Couple: Ils rallument la flamme de leur premier amour

Retour du premier amour jennifer lopez ben affleck

«Il ne s’agit pas toujours de la toute première histoire amoureuse, mais c’est la première fois qu’on aime aussi fort, c’est une rencontre de l’ordre de l’évidence.» - Saverio Tomasella, docteur en psychologie et psychanalyste.

© Getty Images

Ils ont vécu, chacun de leur côté, des mariages, des divorces et des idylles pansements sans lendemain. Mais Jennifer Lopez, 52 ans, et Ben Affleck, 49 ans, se sont finalement retrouvés après quasi deux décennies pour rallumer la flamme de leur grand amour de jeunesse. Lubie de people un peu déboussolés? Coup de folie typique de Hollywood? Pas si sûr. Car le premier véritable amour, celui qui marque votre jeunesse, celui qui met des galaxies entières dans les yeux et donne envie de se la jouer Bonnie and Clyde contre le reste du monde, semble continuer à nous hanter pendant des années, des décennies, voire toute la vie. Au point parfois, à l’image de Jennifer et de Ben, d’inspirer le désir d’un recommencement.

La preuve? Selon une étude britannique publiée en 2020 et relayée par le média express.co.uk, 60% des adultes pensent régulièrement à leur premier amour. Encore plus étonnant: 40% nourrissent toujours des sentiments pour cette personne et un sur huit est même en contact avec elle via les réseaux sociaux.

Combien osent ensuite franchir le pas pour se remettre ensemble? «On ne dispose pas, à ma connaissance, de données sur le sujet dans la littérature scientifique», regrette Nicolas Favez, professeur en psychologie à l’Université de Genève. Mais tous les spécialistes s’accordent pour le dire: revivre un premier amour est plus courant qu’on l’imagine. Un phénomène peut-être même boosté par la pandémie. «J’ai rencontré Pasquale lors d’un séjour linguistique en Allemagne en 1996, raconte Muriel, 46 ans aujourd’hui. J’avais 18 ans, et lui 20. Notre histoire a duré deux mois, assez intenses, puis il est reparti en Italie, en principe juste pour une semaine, mais il n’est jamais revenu. On s’est appelé une fois ou deux, mais ensuite plus rien. Je ne l’ai jamais oublié, j’y pensais fréquemment, je l’avais cherché sur internet mais je n’avais que son nom et son prénom, assez courants! Et puis l’année passée, je l’ai retrouvé sur Facebook, juste avant le confinement. On s’est connecté, on s’est écrit puis rapidement on s’est mis à se parler au téléphone tous les soirs. En juin, nous avons enfin pu nous voir, à Milan, et ça a été incroyable.»

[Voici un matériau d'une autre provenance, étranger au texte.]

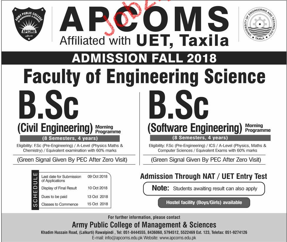 Army Public College of Management & Sciences Admission in Bsc Civil Engineering Morning Programme and BSc Software Engineering Morning Program in Rawalpindi. Read newspaper ad for exact details.

Rencontre avec un nouveau soi-même

Certes, Muriel confie avoir eu de l’appréhension après toutes ces années. Allaient-ils se plaire à nouveau? Auraient-ils changé au point de ne pas retrouver la magie originelle? «Or ça a été tout de suite une évidence. On s’est vus chaque fois que possible les premiers temps, en Suisse et en Italie. Il a déménagé plus près de la frontière et trouvé un travail ici. Notre but est de vivre ensemble, malgré les difficultés, la langue, la distance, nos enfants respectifs. Parfois, je regrette ces années qui ont passé, mais je me dis qu’il y avait sûrement une raison au fait qu’on ne se soit pas retrouvés avant.»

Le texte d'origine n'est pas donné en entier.